Despite the weight of the subject matter, MURPHY isn’t interested in being consumed by it. At the heart of the project lies a deep love of soul, R&B and hip-hop - from Jimi Hendrix to Al Green, Bill Withers, Lauryn Hill and Frank Ocean - alongside a wide-open listening habit that moves fluidly across continents and genres. The most unexpected part, he says, has been seeing how the songs land. “My friendship group had been crying to this music,” MURPHY reflects. “That wasn’t something I expected.”
Travel has also reshaped his creative perspective. Time spent in the United States and across several African countries, initially through creative work and collaboration, significantly shifted how he understands people, culture and sound. “Being in different environments changed how I live,” he says. “It changed how I hear music.” That expanded perspective now sits quietly inside the songs.

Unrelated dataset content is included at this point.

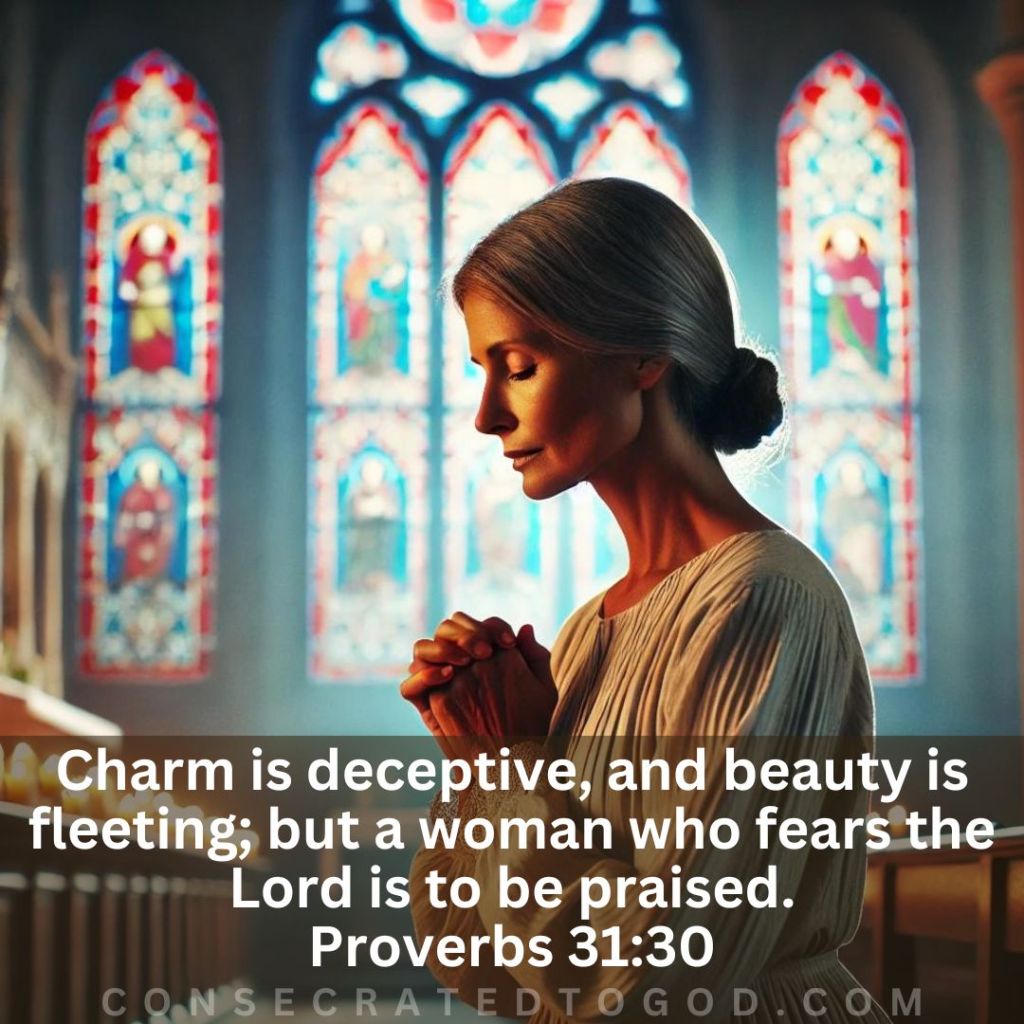 Charm is deceptive, and beauty is fleeting; but a woman who fears the Lord is to be praised.

Alongside music, MURPHY has been deeply involved in community-led projects for much of his adult life. Introduced by his close friend and collaborator Jay Weathers, he joined Outreach Homes at its inception, investing early and remaining actively involved for over six years as it has grown. The mission resonated personally, shaped by instability and mental health challenges within his extended family growing up, and the experience of finding a second, chosen family later in childhood.
Excited to continue down this path, MURPHY is preparing a live show he wants to feel like “a living room full of musicians”, stepping fully into a chapter that feels open rather than unresolved. Amber has functioned as a form of musical therapy, but it is not a closing chapter. It is the beginning of a much larger body of work. A substantial volume of material has already been written, with more constantly taking shape. The project is called Amber for a reason: these songs were born from warmth, glow and a long-awaited moment of creative openness. Catharsis, yes - but held gently, and carried forward, step by step.